We can now safely iterate over all pages in a folio, so no need for the
pfn_to_page().
Also, as we already force the refcount in __init_single_page() to 1,
we can just set the refcount to 0 and avoid page_ref_freeze() +
VM_BUG_ON. Likely, in the future, we would just want to tell
__init_single_page() to which value to initialize the refcount.
Further, adjust the comments to highlight that we are dealing with an
open-coded prep_compound_page() variant, and add another comment explaining
why we really need the __init_single_page() only on the tail pages.

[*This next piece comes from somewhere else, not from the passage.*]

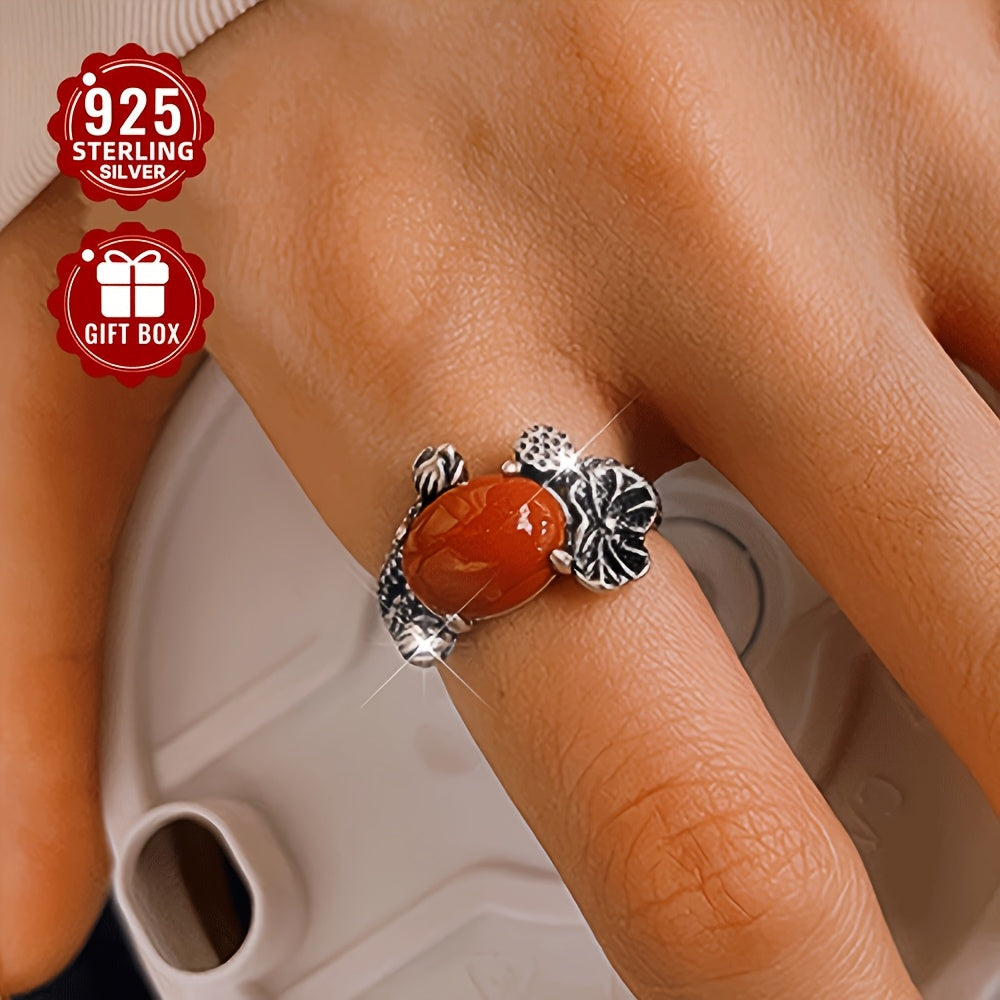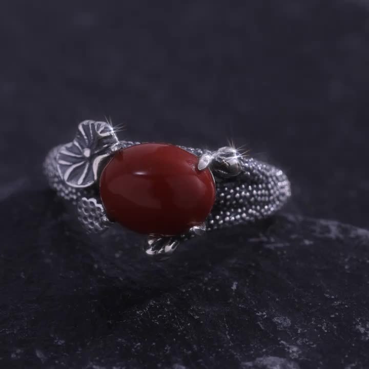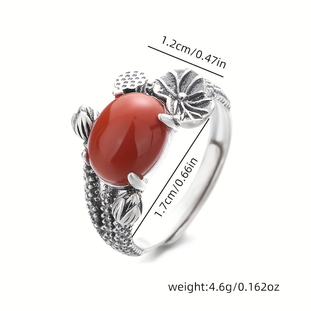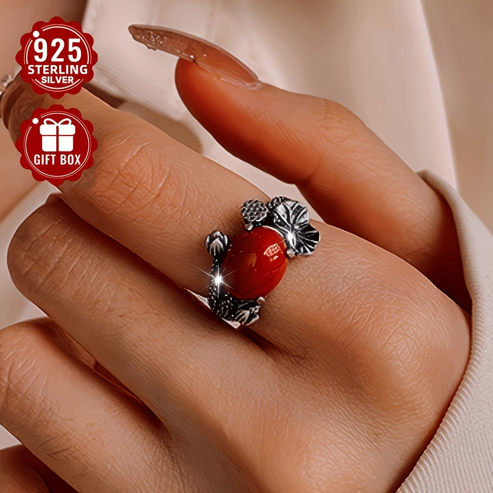 S925 Pure Silver Lotus Leaf Red Agate Inlay Ring Ethnic Style

Note that the current code was likely problematic, but we never ran into
it: prep_compound_tail() would have been called with an offset that might
exceed a memory section, and prep_compound_tail() would have simply
added that offset to the page pointer -- which would not have done the
right thing on sparsemem without vmemmap.
Signed-off-by: David Hildenbrand <david@redhat.com>
---
mm/hugetlb.c | 20 ++++++++++++--------
1 file changed, 12 insertions(+), 8 deletions(-)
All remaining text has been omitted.